Feds back off on Peary caribou listing
“It’s good news for us, to get fully acknowledged.”
JOHN THOMPSON
The federal government, acknowledging it didn’t follow the process spelled out in the Nunavut land claims agreement, has reversed its decision to declare Peary caribou an endangered species.
Nunavut’s land claims negotiator hailed the reversal, but the author of a report suggesting animal populations have dramatically declined and need protection calls it a “sad day” for wildlife.
Environment Minister Stéphane Dion recommended this past May that Peary caribou be protected under the Species at Risk Act.
This announcement outraged hunters in the High Arctic, as well as the Nunavut Wildlife Management Board and Nunavut Tunngavik Inc., who threatened to sue the federal government for ignoring the consultation process spelled out in the Nunavut land claims agreement.
According to Article Five of the agreement, the federal environment minister must ask the wildlife board for recommendations before making any decision that could restrict or limit hunting.
“It’s good news for us, to get fully acknowledged,” said NTI President Paul Kaludjak. He says that for the meantime, the threat of legal action has been dropped. “Sometimes we have to say that to state our case. That says we’re serious.”
Population levels of the stocky animals, which roam in herds scattered across the High Arctic islands, have declined dramatically over the last three decades, according to a report by the Committee on the Status of Endangered Wildlife in Canada.
Population estimates conducted during the 1970s pegged Peary caribou numbers at 50,000. Current counts suggest about 8,000 exist today, although Inuit hunters have disputed these numbers as incomplete.
Dr. Marco Festa-Bianchet, who conducted the assessment for the Committee on the Status of Endangered Wildlife in Canada, says he’s concerned politics has trumped environmental protection.
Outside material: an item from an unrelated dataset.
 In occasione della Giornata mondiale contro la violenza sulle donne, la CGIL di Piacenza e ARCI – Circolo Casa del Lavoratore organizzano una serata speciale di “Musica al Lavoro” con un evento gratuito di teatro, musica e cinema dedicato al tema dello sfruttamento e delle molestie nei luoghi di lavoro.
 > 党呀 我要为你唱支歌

“It’s a sad day when conservation of caribou in Canada is being handled by lawyers, and that’s what we’re seeing,” he said.
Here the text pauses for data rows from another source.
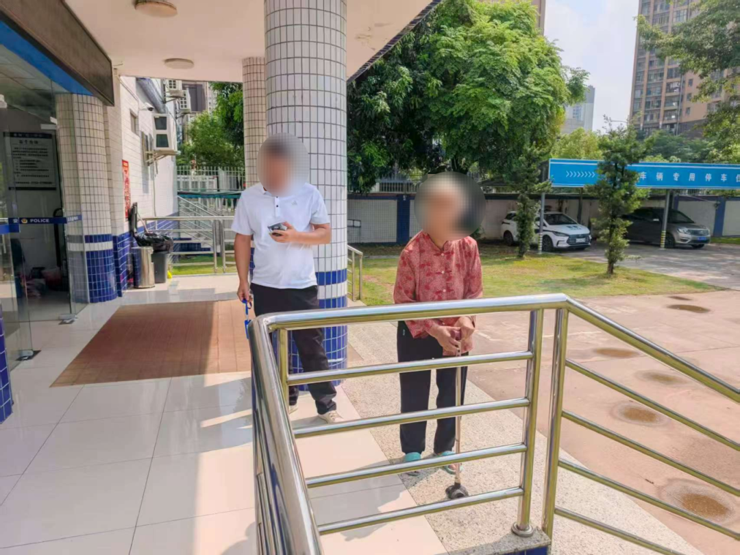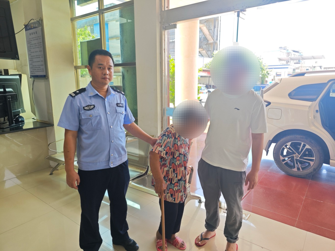 在派出所,民警通过智慧新警务平台,成功联系到了老人的亲属,得知信息后,其儿子立即赶到派出所,并对执勤民辅警连声道谢。
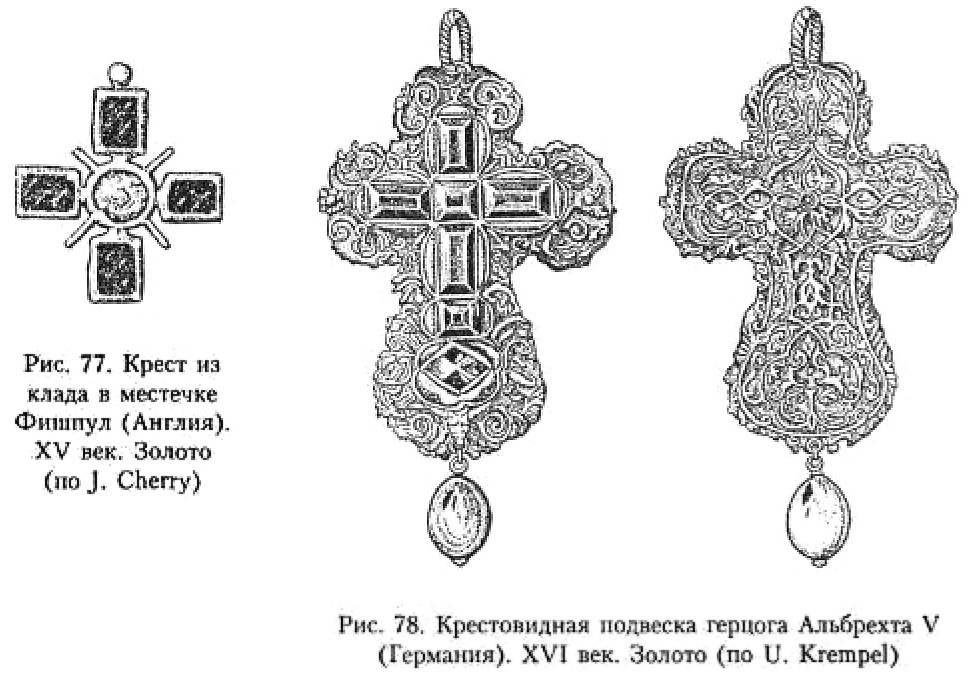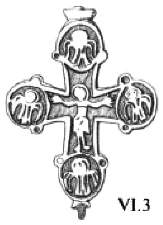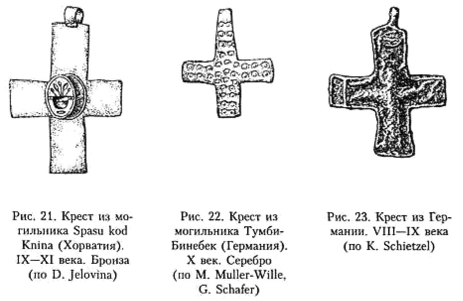 Наиболее ранние кресты-тельники, известные в Европе, относятся к VI–VIII векам. Наличие специальных отверстий или лужек для ношения изделий на шее отличает их от крестовидных фибул197, нашивных крестов198, энколпионов199 и других христианских оберегов, встречающихся в комплексах ещё конца VI и даже до IX века включительно200.
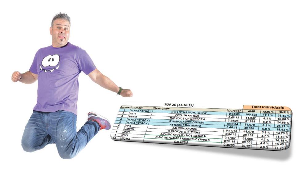 TOP OF THE TOP Τι και εάν απέναντι του παίζουν παραγωγές πολλών εκατομμυρίων… η εκπομπή ΛΟΥΗΣ Night Show του ALPHA, απέδειξε ότι και αυτή τη σεζόν θα είναι πρωταγωνιστής στον πίνακα της AGB.
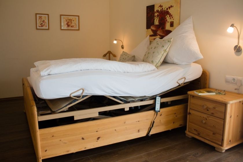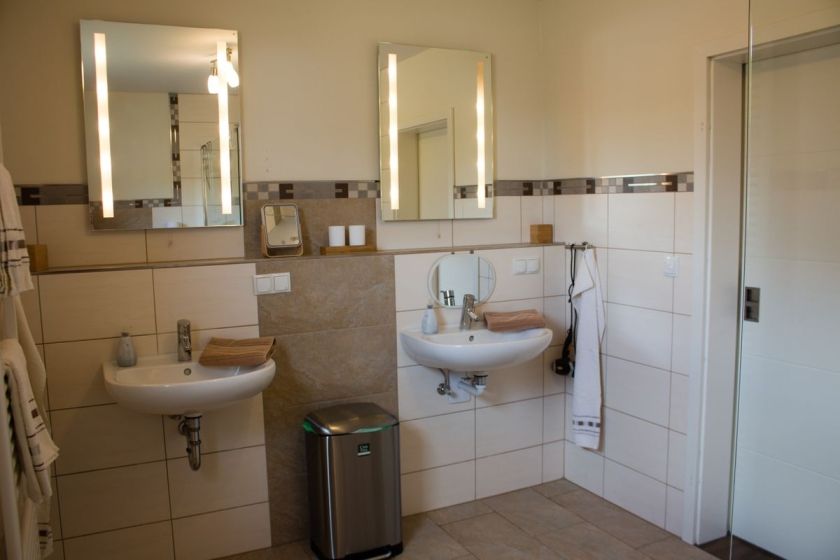 Es ist für Rollator und Rollstuhl geeignet. Im großen Bad befindet sich eine ebenerdige befahrbare Dusche. Es gibt zwei Waschgelegenheiten, eine davon ist unterfahrbar. Die Küche ist mit Rollator gut zu nutzen, für Rollstuhl weniger geeignet.
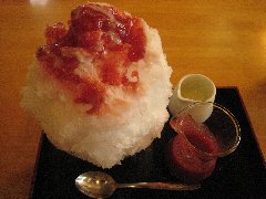 亀戸駅から10分ほど、蔵前橋通り沿いにあります。亀戸天神のすぐ近くです。入口で予約の札をもらい少し待ちました。入口脇には小さな池があり鯉が泳いでいます。建物は純和風でガラスの引き戸が趣あります。店頭では名物の葛餅や和菓子が売られています。店内に案内されると先に食券をかいます。店内は甘味処となっていてテーブルが9つありました。天井が高いです。客はほぼ女性でした。この夏流行ったカキ氷から、苺ミルク(820円)を注文しました。苺ソースと練乳が器に入っていて、自分で氷に掛けて食べます。苺ソースは果肉がたくさん入っていて濃厚です。氷はきめ細かくて柔らかいです。キーンとしないのかと思いましたが、やっぱりしました。他には一通りの甘味のメニューが揃っています。亀戸天神とのセットで人気があります。 |

A final decision on whether Peary caribou will be classified as endangered has yet to be made. The wildlife board forwarded its own recomendations during the first week of July to the environment minister, who has 60 days to accept or reject their proposal.
Until he makes his response, those suggestions remain confidential. More negotiations could follow, but the decision ultimately rests with the federal government.
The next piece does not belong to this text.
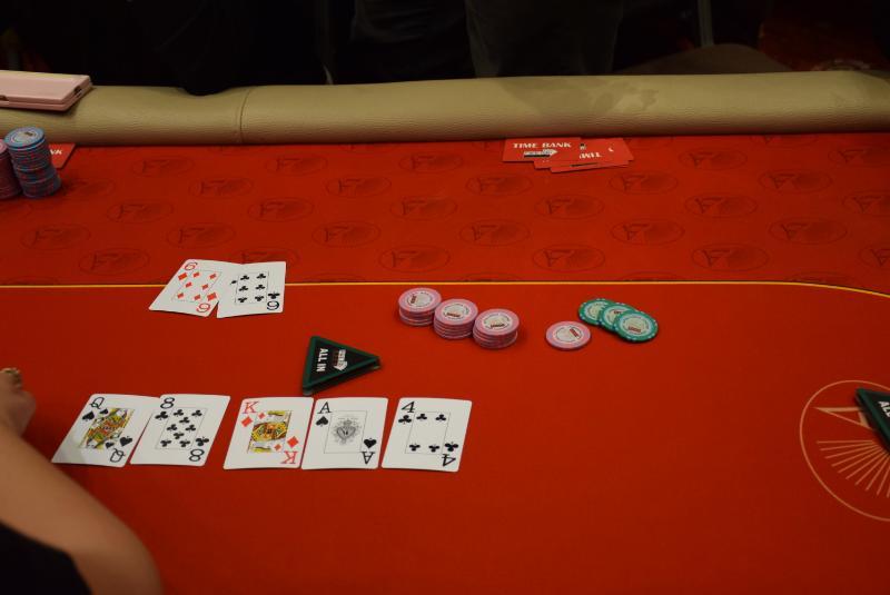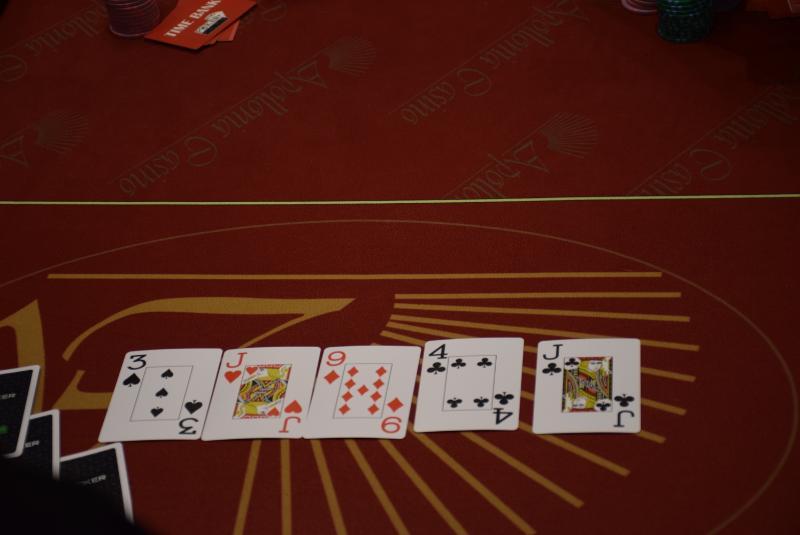 Level 16, blinds 6.000/12.000, ante 12.000 Open-shove από utg+1 (168k) για Κοτζαδάκη με εξάρια, reshove από Τσιχλάκη δύο θέσεις μετά που του είπε ότι έπιασε για πρώτη φορά στο τουρνουά άσους, κράτησαν οι άσοι. 82: - €765 83: - €765 84: - €765 85: Στέλιος Πιτσιβάς - €765 86: Εdgar Yukams - €765 87: Ν.Κ. - €765 88: Γιάννης Κοτζαδάκης - €765 89: Δημήτρης Στάβαρης - €765 90: Vladimir Kirev - €765
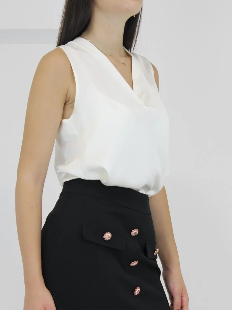 Top Hanita, modello smanicato con ampio scollo a V, colore bianco

“We’ll just have to wait and see,” said Joe Tigullaraq, the board’s chief executive officer.
Unlike most endangered species designations, the decline in Peary caribou populations isn’t being blamed on overhunting or habitat encroachment. Instead, global warming is the culprit, federal researchers suggest.
Unusually warm weather in recent years has led to an increase in freezing rain, which coats the tundra with a layer of ice. Unable to break through this surface to eat the vegetation beneath, large numbers of Peary caribou have starved.
Peary caribou populations have plunged to extremely low numbers in some areas, like the East Queen Elizabeth Islands and Prince of Wales Island, where Festa-Bianchet said they could disappear completely if care isn’t taken.
“When you’re talking about these small numbers, you have to be very careful.”
In the past, the hunters and trappers associations of Resolute and Grise Fiord have voluntarily limited their harvest of Peary caribou, and they prefer to keep that control in local hands.
In 1994, the Resolute Hunters and Trappers Association received international recognition for their Peary caribou population management system from the Wildlife Society, a group of biologists and wildlife management experts. They remain the only Canadian, and aboriginal, group to receive the designation.
Hunters say population declines match natural boom-and-bust cycles described by Inuit elders. While scientific population counts have only been conducted for several decades, these cycles sometimes span longer periods.
Hunters and federal scientists also remain divided on the use of radio collars to track the animals.